## EXERCISE GOAL:
Could you restate word for word only the lines below from the one holding "随机字:①鱼池收宝有概率随机" to the one holding "图3 2.5%-0和2.5%-3样品的CLSM图像(A)和SEM图像(B)。", inclusive, and leave out the pictures?

##### DATA RECORDS

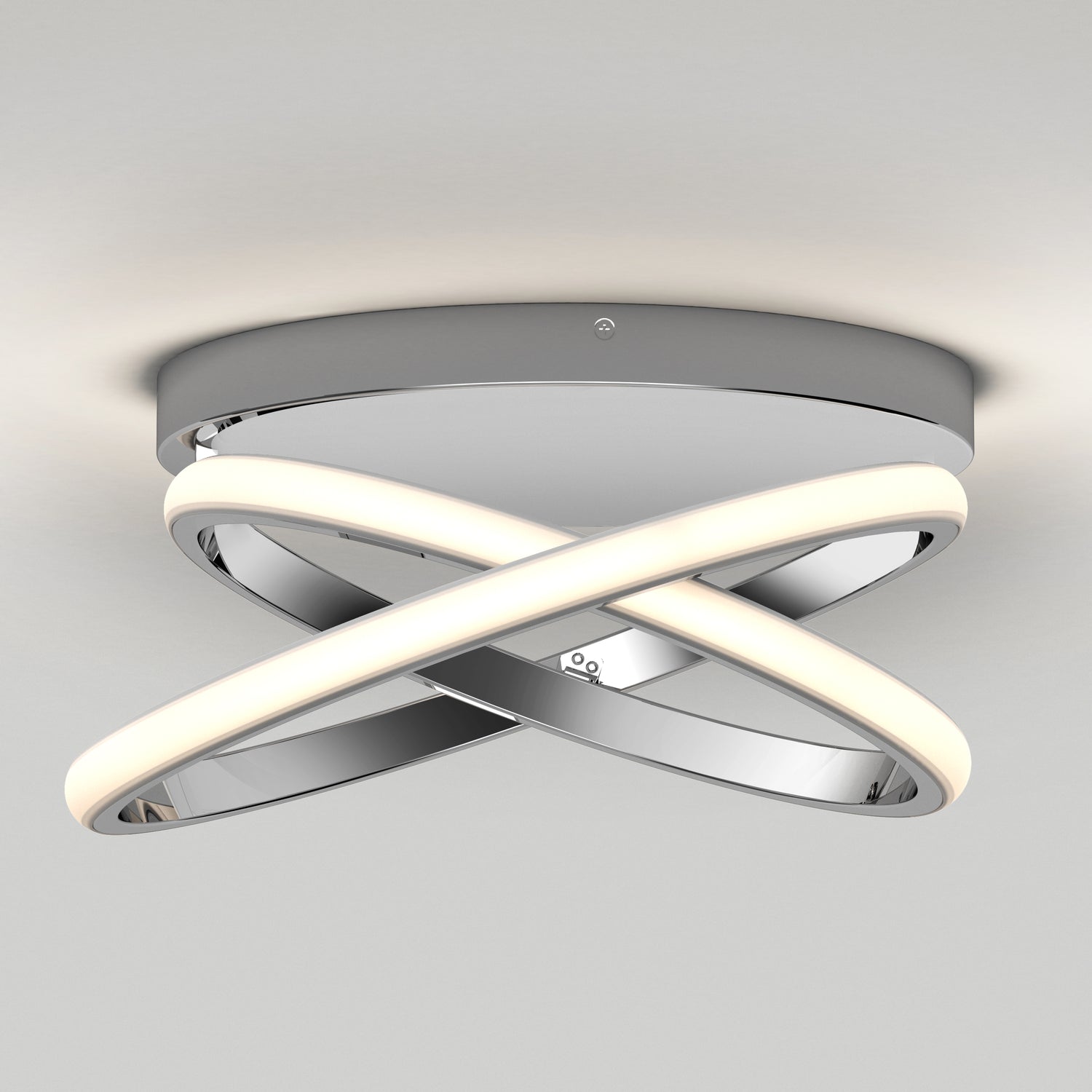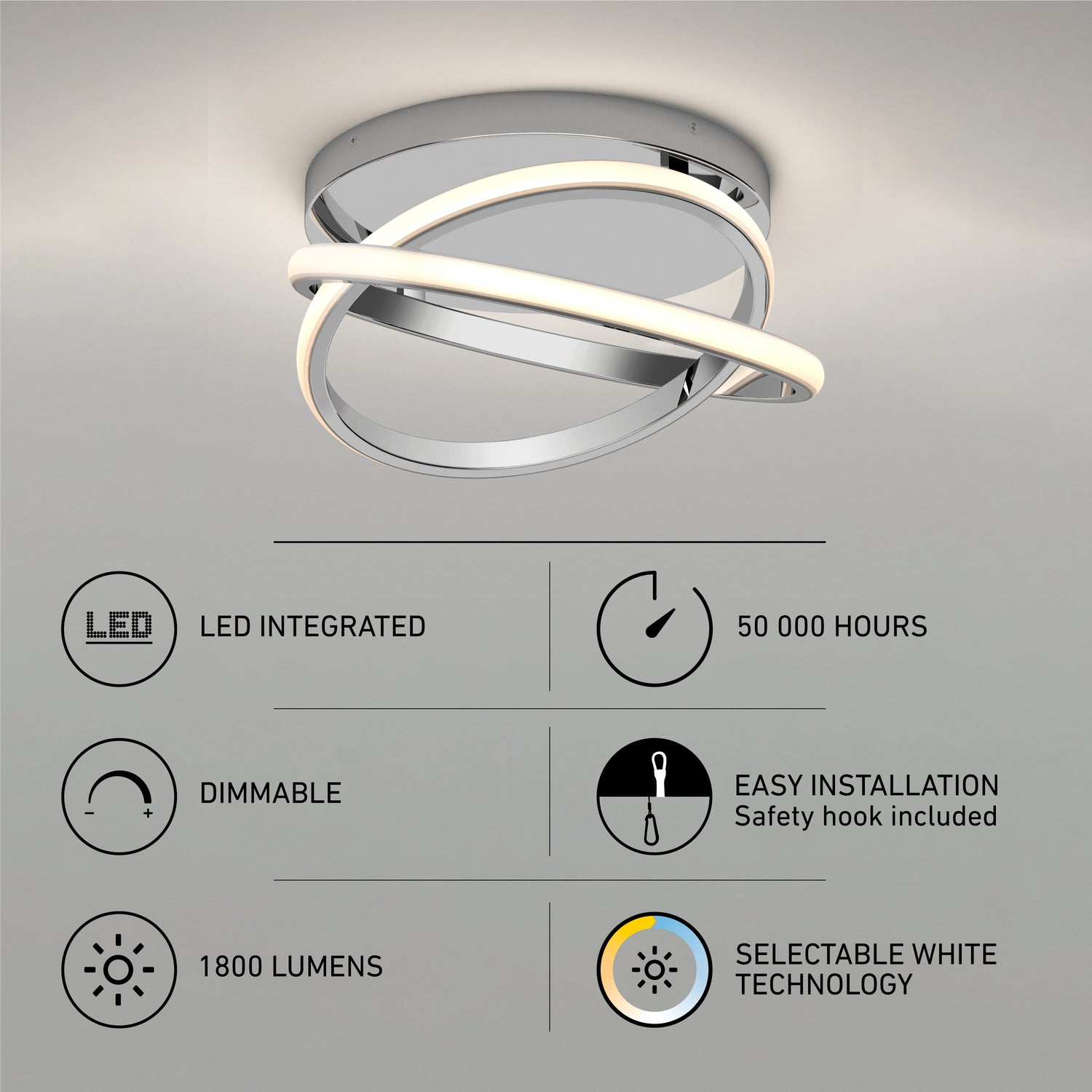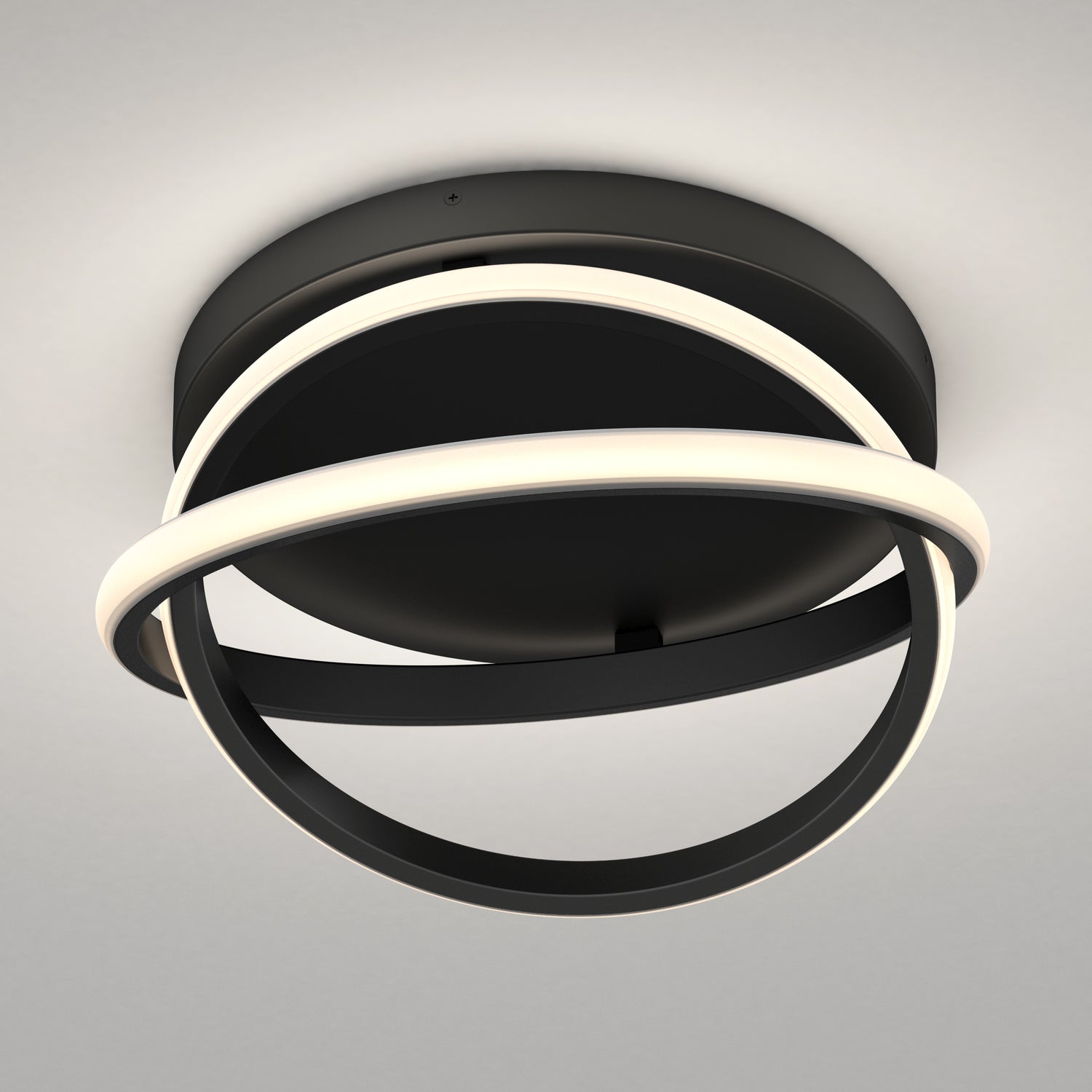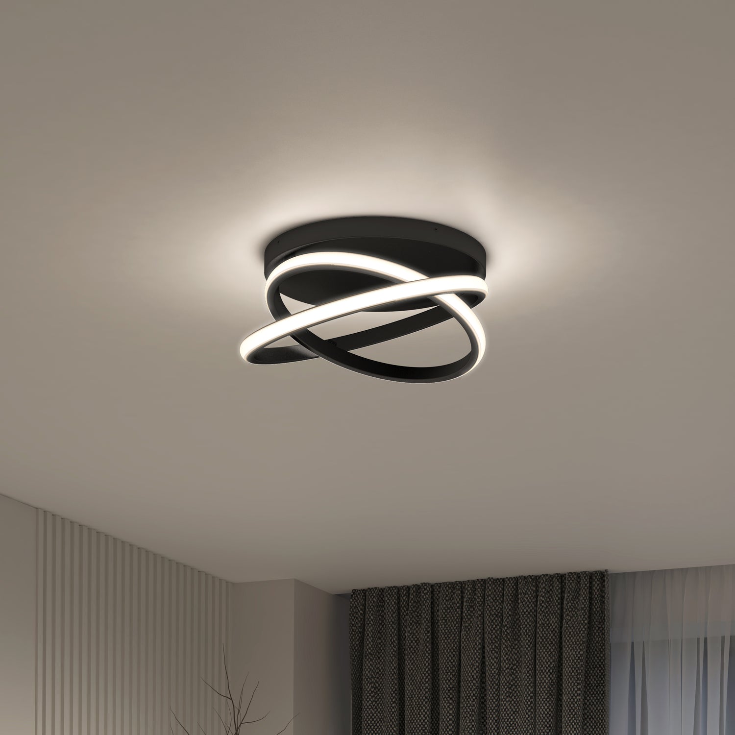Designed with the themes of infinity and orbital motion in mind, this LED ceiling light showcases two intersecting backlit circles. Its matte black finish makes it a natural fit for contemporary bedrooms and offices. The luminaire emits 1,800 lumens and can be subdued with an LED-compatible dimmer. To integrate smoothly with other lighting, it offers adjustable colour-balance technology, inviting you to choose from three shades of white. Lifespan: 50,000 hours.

##########
##### DATA RECORDS

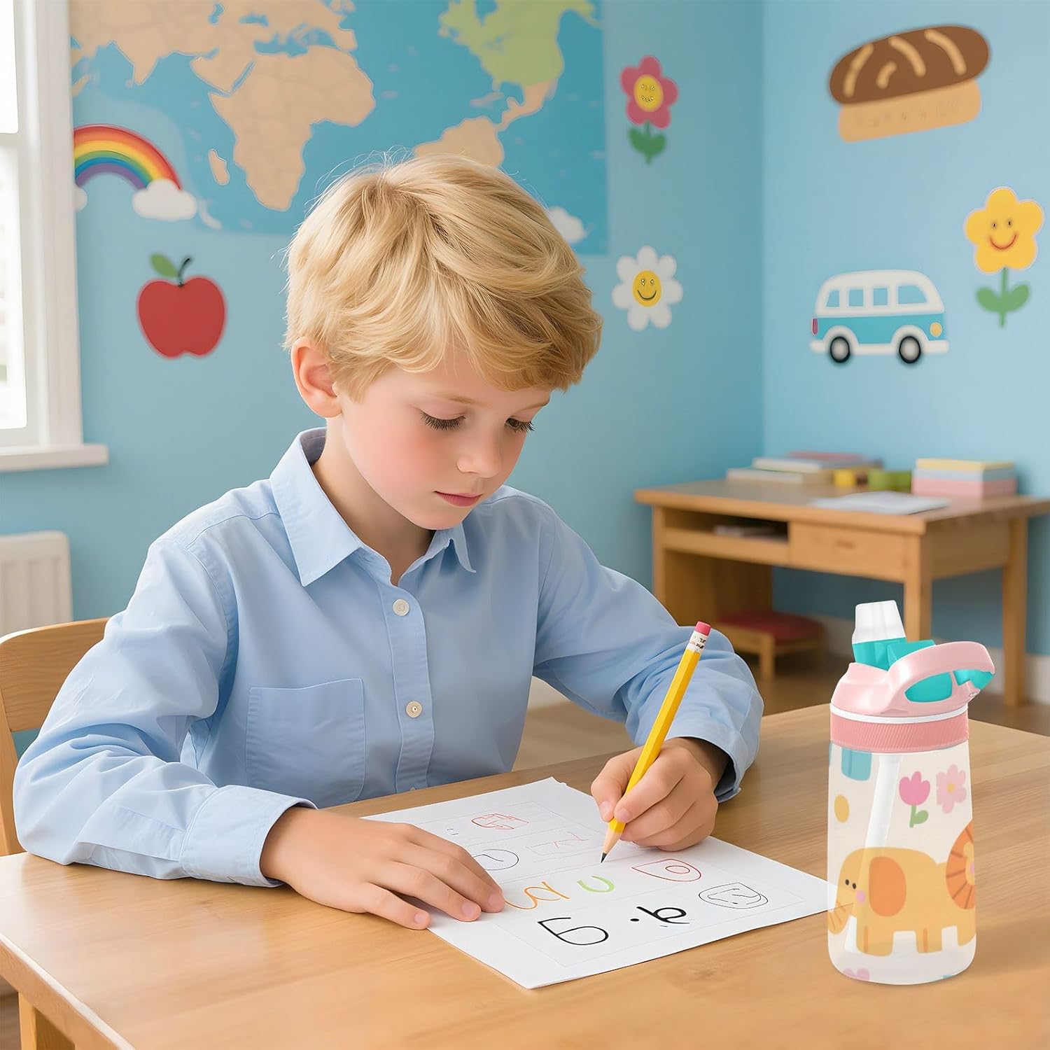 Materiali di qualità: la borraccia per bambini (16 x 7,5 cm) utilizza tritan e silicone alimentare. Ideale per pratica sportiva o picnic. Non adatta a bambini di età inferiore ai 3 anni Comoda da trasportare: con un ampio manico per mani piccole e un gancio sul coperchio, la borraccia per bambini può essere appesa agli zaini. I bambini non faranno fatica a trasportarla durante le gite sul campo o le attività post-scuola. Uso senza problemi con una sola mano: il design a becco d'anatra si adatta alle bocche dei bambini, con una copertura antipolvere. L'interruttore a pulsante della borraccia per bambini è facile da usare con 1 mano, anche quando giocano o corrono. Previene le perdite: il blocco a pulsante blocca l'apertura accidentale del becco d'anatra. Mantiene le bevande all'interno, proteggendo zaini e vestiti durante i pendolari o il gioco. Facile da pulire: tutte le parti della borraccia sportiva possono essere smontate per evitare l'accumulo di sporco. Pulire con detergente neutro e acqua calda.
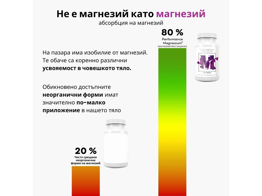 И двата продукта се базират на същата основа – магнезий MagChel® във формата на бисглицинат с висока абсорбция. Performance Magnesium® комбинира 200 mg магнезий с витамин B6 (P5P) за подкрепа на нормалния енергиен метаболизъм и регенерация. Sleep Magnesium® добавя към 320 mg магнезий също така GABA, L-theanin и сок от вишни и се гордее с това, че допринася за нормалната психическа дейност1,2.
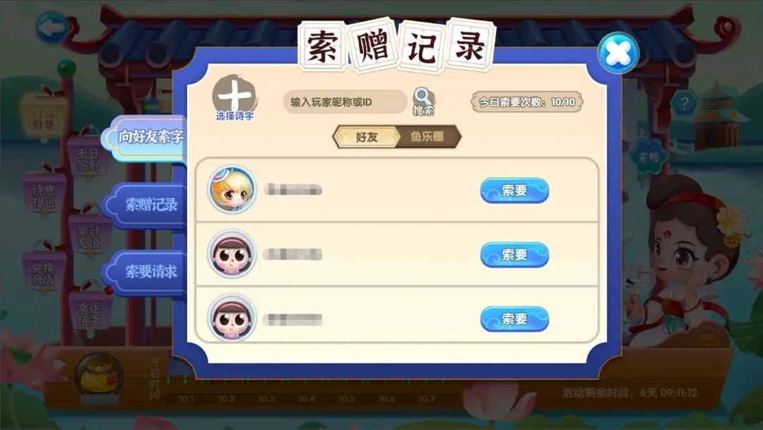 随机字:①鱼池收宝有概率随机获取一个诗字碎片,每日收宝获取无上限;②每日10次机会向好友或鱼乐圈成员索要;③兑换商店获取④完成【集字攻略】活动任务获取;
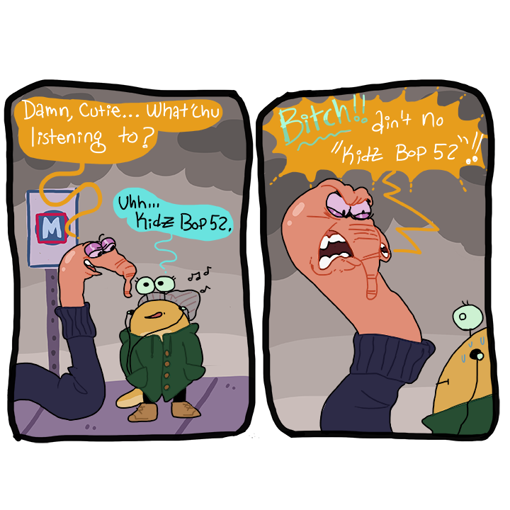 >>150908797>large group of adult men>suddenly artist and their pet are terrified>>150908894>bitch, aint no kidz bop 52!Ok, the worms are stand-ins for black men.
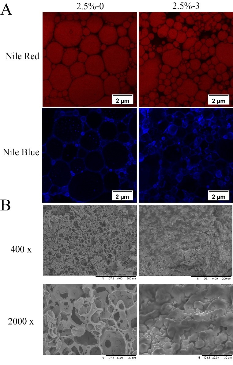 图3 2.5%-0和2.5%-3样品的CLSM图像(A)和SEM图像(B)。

##########

## TASK SOLUTION:
 随机字:①鱼池收宝有概率随机获取一个诗字碎片,每日收宝获取无上限;②每日10次机会向好友或鱼乐圈成员索要;③兑换商店获取④完成【集字攻略】活动任务获取;
 >>150908797>large group of adult men>suddenly artist and their pet are terrified>>150908894>bitch, aint no kidz bop 52!Ok, the worms are stand-ins for black men.
 图3 2.5%-0和2.5%-3样品的CLSM图像(A)和SEM图像(B)。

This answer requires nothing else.